On the other hand, walking back from coffee today, I asked the person I was with if he’d ever used this practice and he said he’d been raised on it by teachers. And he gave me an example, which I’m ashamed to say has stuck in my head every since and that’s been 7 hours.

Roy G Biv

Don’t tell me. I’m the only person in the world who doesn’t know who this is. Or didn’t until earlier today. And now after many hours of this and that, I still know who he is. And I’m pretty sure that if I were to have sex tonight, which I mention purely in a theoretical kind of way, it’s Roy who would be occupying my thought during it. He’s probably there for life. I’ll end my days with dementia and everybody around me will wonder about me and Roy G Biv.

Can I make myself use this technique? I just don’t know.

There are other things that bother me. He wants you to fill up all those empty times in your day, wasted now, with language learning. Standing in a queue, taking the escalator. But don’t we all already use that time?

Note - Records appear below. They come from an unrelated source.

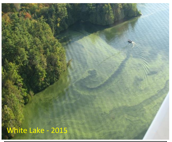
Typical of blue-green algae blooms on White Lake

3. When is a lake at capacity? A lake is at capacity when there is a deterioration in water quality as evidenced by: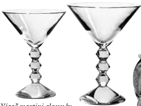
"Véga" martini glasses by Baccarat, $155/each; Elements

Consider great registry advice from one recently married couple.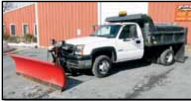
'03 CHEVY 3500 4X4

2003 CHEVROLET Model Silverado 3500, 4x4 Mason Dump Truck , powered by Vortec 6.0L gas engine and automatic transmission, equipped with 8'6" mason dump body with manual tarp, dual rear wheels, Western 9' Pro plow package, tow package, and LT215/85R16 tires. In good to very good condition with good tires. (17,635 Original Miles)

The author of this book is certainly a wanker, but it might be that this is just because he needs to fill up the book with something. It could be a list which was a few pages long. But there is padding like you wouldn’t believe. A blow by blow account of every language he’s ever learned. He even gives a detailed account of when he decided not to learn languages. And yet, fairly early on he says something which is just SO true that I have to put that in italics as well. SO true.

He is discussing at which point you might say you have learned a language:

p.40


My standards are less exacting. I’ll confess to ‘speaking a language’ if, after engaging in deep conversation a charming woman from a country whose language I’m studying, I have difficulty the next morning recalling which language it was we were speaking.

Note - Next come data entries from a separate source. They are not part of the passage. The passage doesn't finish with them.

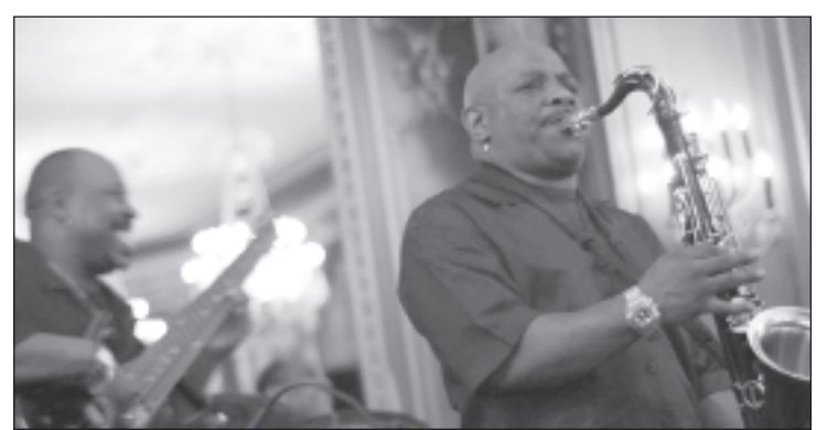
The energetic and gutsy blues of the Big James band got many people dancing.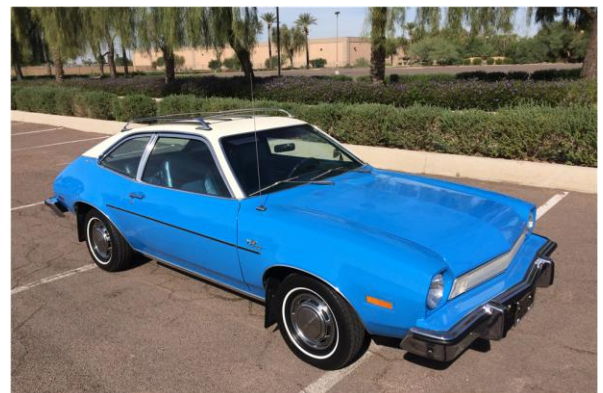
1974 Ford pinto hatchback Sold for $18,150.00 Scottsdale 2019 Jan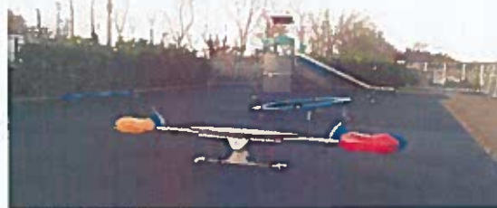
Newly surfaced playground at Fr. McGrath Centre

The Parks Department continue to maintain and upgrade playgrounds around the County. Recent large scale works in January include resurfacing of the entire playground surface in the Fr. McGrath centre and installation of a special needs roundabout in Talbot's Court playground. Funding for these repairs/additions totalling €24,000 was from the Playground maintenance budget. A contractor has been appointed to repair a large piece of play equipment in the Council owned playground at the Castlecomer Discover Park which is structurally unsound due to wear and tear.

This strikes me as exactly correct. It is the point where you are no longer conscious of the language you are speaking.

I guess I like to think that in a sense even people like me who are linguistically bereft nonetheless in a certain sense have learnt a bunch of languages in their lives. For me I’d include the language of conventional economics, that of Marxist economics, music, knitting, bridge….the wonderful language of cooking. When you first cook there are all these expressions, merely words which one has used a million times before which suddenly seem completely mysterious and a source of great consternation. ‘A splash’, ‘a handful’ ‘turn up’ ‘turn down’ ‘put some’ Then at some point you find that you think in these words without realising that you are. The language and therefore the concepts are now yours.

Then again just along a bit and he comes out with another profound concept:

p. 43-4


You don’t have to know grammar to obey grammar. If you obey grammar from the outset, when you turn around later and learn why you should say things the way you’re already saying them, each grammatical rule will then become not an instrument of abstract torture disconnected from anything you’ve experienced but rather an old friend who now wants you to have his home address and private phone number.

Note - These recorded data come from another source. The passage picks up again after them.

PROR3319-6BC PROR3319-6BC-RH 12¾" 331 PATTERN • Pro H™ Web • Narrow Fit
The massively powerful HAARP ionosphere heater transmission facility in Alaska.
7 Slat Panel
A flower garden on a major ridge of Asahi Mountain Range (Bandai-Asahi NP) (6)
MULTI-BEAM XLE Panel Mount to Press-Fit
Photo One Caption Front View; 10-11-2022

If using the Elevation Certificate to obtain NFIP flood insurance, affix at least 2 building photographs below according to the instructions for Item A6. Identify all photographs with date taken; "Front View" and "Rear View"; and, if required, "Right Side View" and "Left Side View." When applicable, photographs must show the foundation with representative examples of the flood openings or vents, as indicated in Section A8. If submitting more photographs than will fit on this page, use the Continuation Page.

When the grammatical rule comes first, followed by its pitiful two or three examples in the textbook, it seems to the student like an artificially confected bit of perversity rolled down upon his head like a boulder.

When the grammatical rule comes after you’ve got some of the language in you, it becomes a gift flashlight that makes you smile and say, ‘Now I understood why they say it that way!’

So, you are right now and forevermore warned not to bridle or to question, ‘Why is the word for ‘go’ in this French sentence vais and in the very next sentence aller?’ Simply embrace the faith that both sentences are correct and learn them….

The more shaken you become by grammatical storms, the more tightly you must hug the faith. I vow it will all become clear.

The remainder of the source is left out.